• "j. d. salinger'in a perfect day for bananafish adlı kitabının kahramanı seymour glass'ın hiçbir şeye kafa yormayan, genel gerçer yargıları anında kabul edip benimseyen ve içinin boşluğunu kadın dergilerinden öğrendiği bir sürü ıvır zıvırla doldurmaya çalışan karısı muriel'e "1948 ruh fakirliği kraliçesi" olarak seslenir.

    bunun kadın düşmanlığıyla ilgisi yoktur. bu güzel ama boş kadın amerika'da 50'li yıllarda toplumsal hayatın temsili haline gelecek "banliyö kadınları"nın prototipidir. salinger, iyi yazarlara özgü bir önsezi ile gelmekte olan felaketi görmüş ve ona romanında hayat vermiştir.
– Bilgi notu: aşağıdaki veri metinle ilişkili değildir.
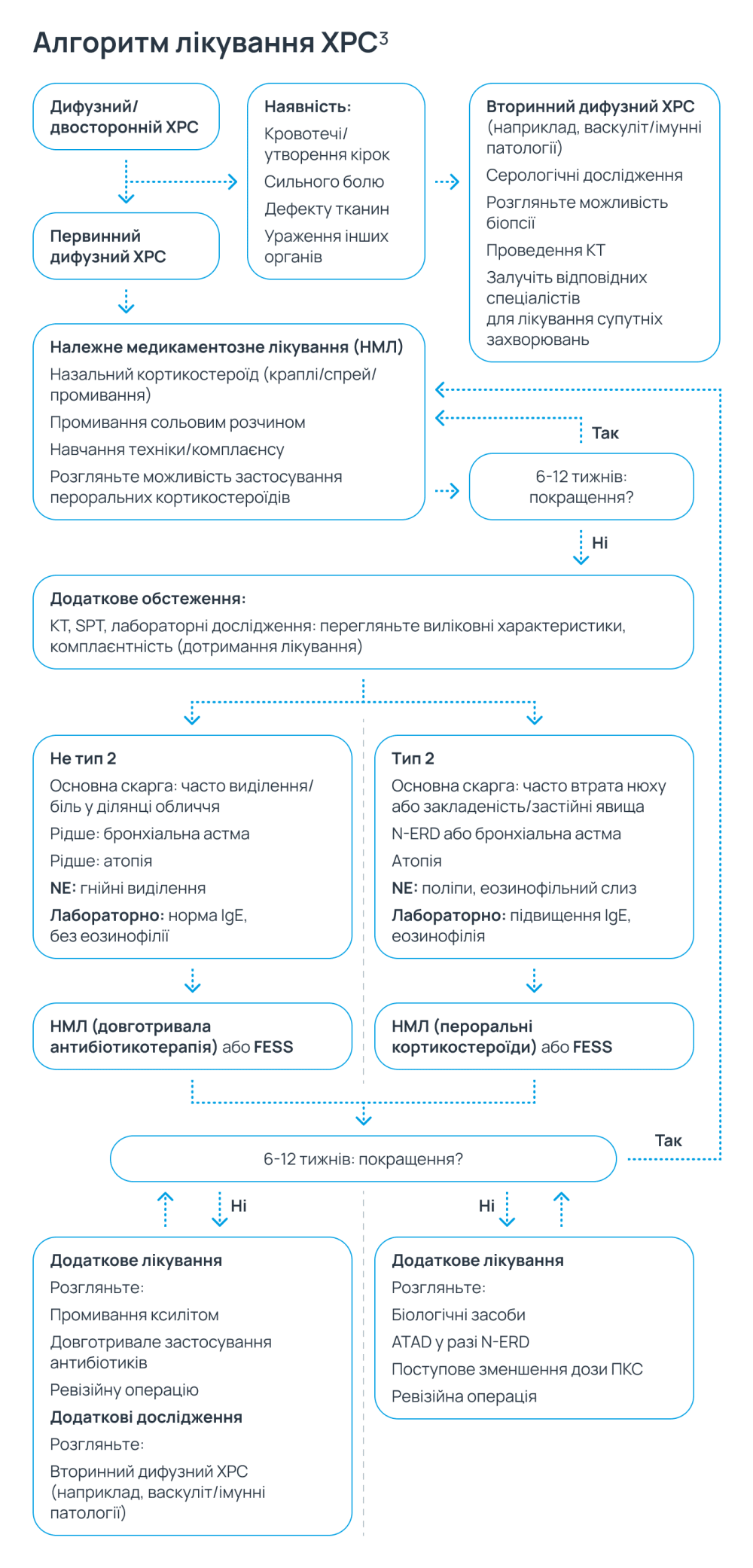 При ХРС можливе застосування: інтраназальних глюкокортикостероїдів, системних глюкокортикостероїдів, іригаційної терапії сольовими речовинами, ЛАКД-терапії3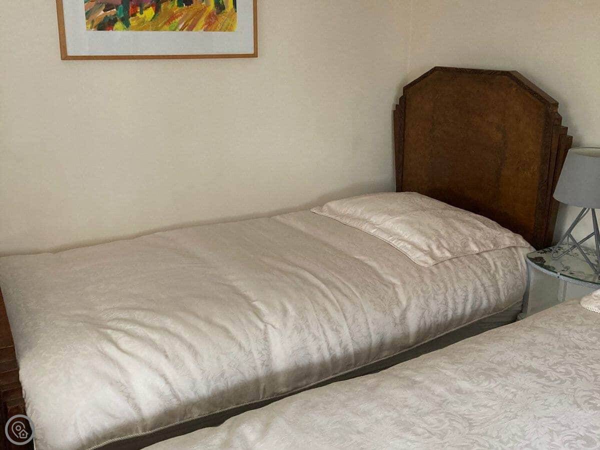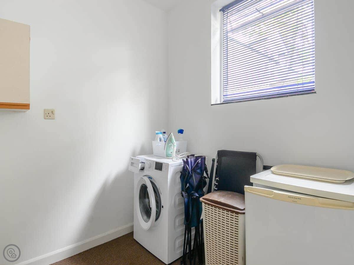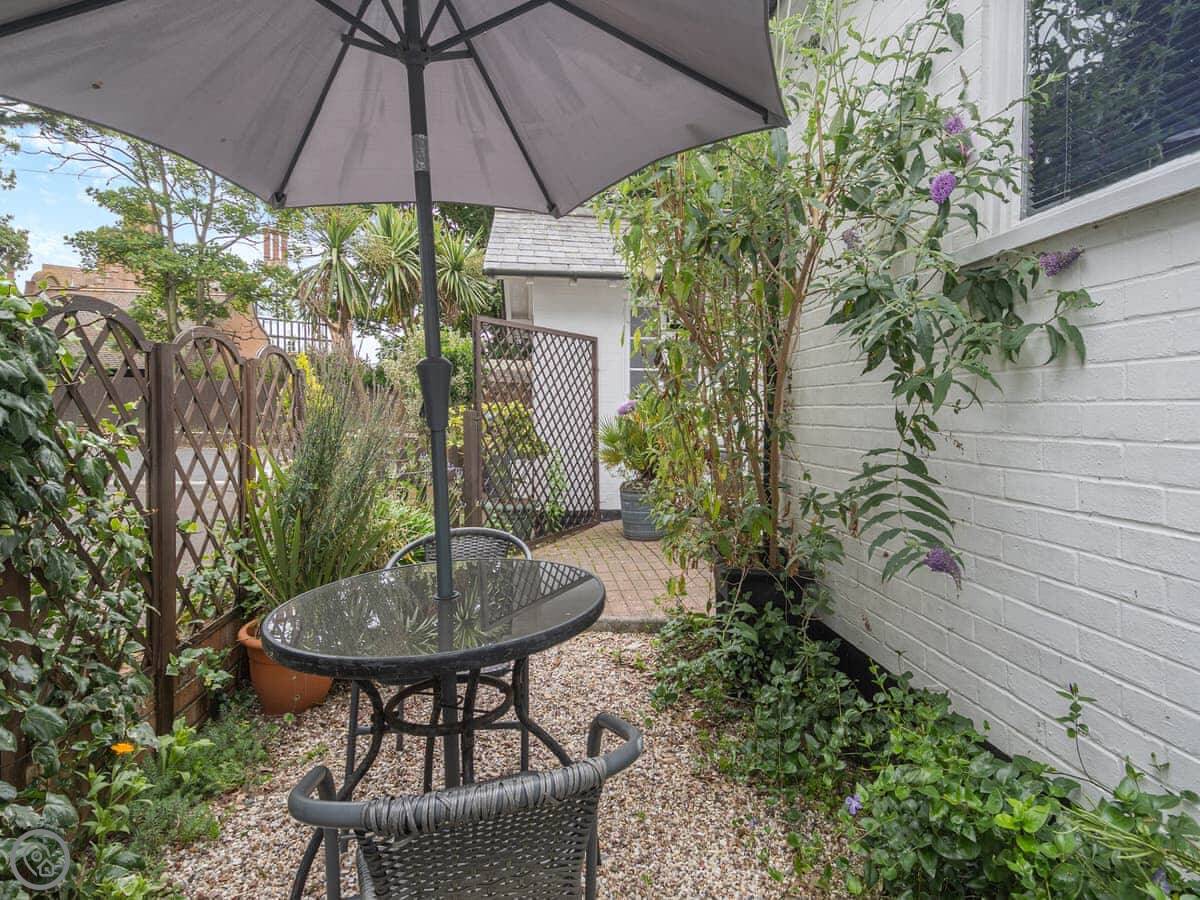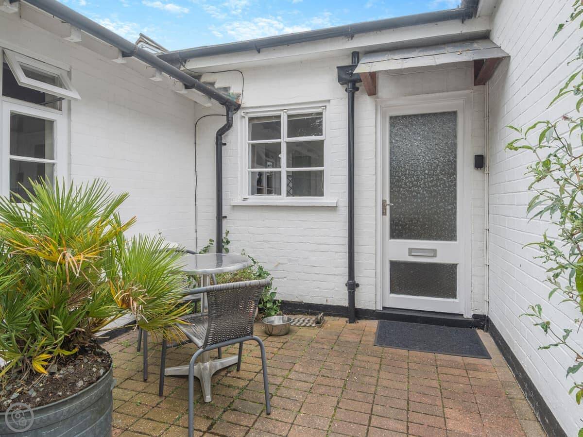 Facilities included are a washing machine, TV, WiFi, and bedding and towels. There's a small patio garden at the back.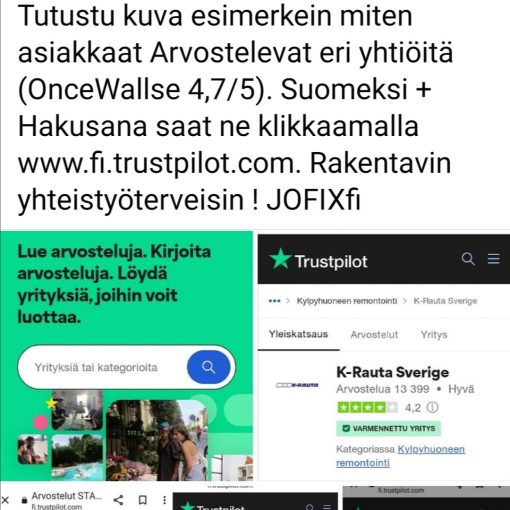 ERINOMAINEN 4,7/5 TÄHTEÄ OnceWall ™️♻️ JOFIXfi ™️ https://fi.trustpilot.com/review/oncewall.se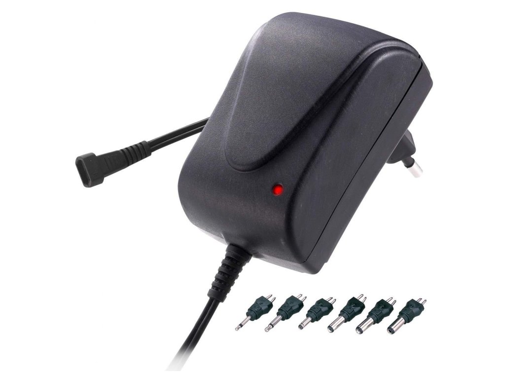 Uniwersalny zasilacz sieciowy z przełącznikiem napięcia wyjściowego i zestawem sześciu nasadek dla różnych złączy. Odpowiedni do instrumentów klawiszowych, syntezatorów, efektów stompbox i innych urządzeń elektrycznych.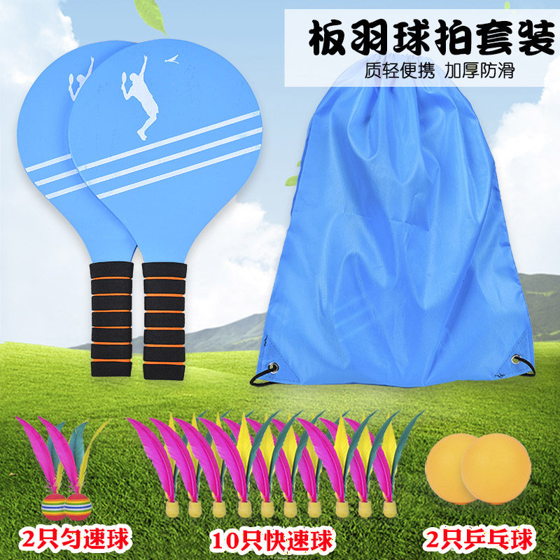 Board badminton racket set Three hair ball shuttlecock with shuttlecock solid wood set Adult children indoor chicken feather ball sports

    bize önce bu karakteri sunarak yalnızca öyküsünün arka planını kurgulamakla kalmaz, amerika'nın 50'li yıllarına dair bir kehanette de bulunur: ruh fakiri olan sadece eşi muriel değildir, tüm dünya öyledir. bu genç ve duyarlı adamın dünyada barınamamasının sebebi de budur. bu ruh fakiri insanlar yüzeysel, yavan ve aç gözlüdür. hepsi birer ağız gibi önüne geleni yutar, sonra da içinde bulundukları deliğe sıkışıp hazımsızlıktan ölürler. ruh fakiri hayatlarında, tıpkı muz balıkları gibi...seymour'u anlama ihtimalleri olmadan."
  • salinger'ın a perfect day for bananafish eserinde bahsettiği kavram. günümüzde de vardır bunlardan,yeni çıkan makyaj malzemesi ile ilgili saatlerce konuşabilirler ya da yazın tatil yapılacak beldelerle ilgili size kompozisyon yazabilirler ama başka konularda fikir beyan edemezler,beceremezler.

    tabi bir de bunun ruh fakirliği kralı var.makyaj yerine futbolu koyarsak tanım aynı.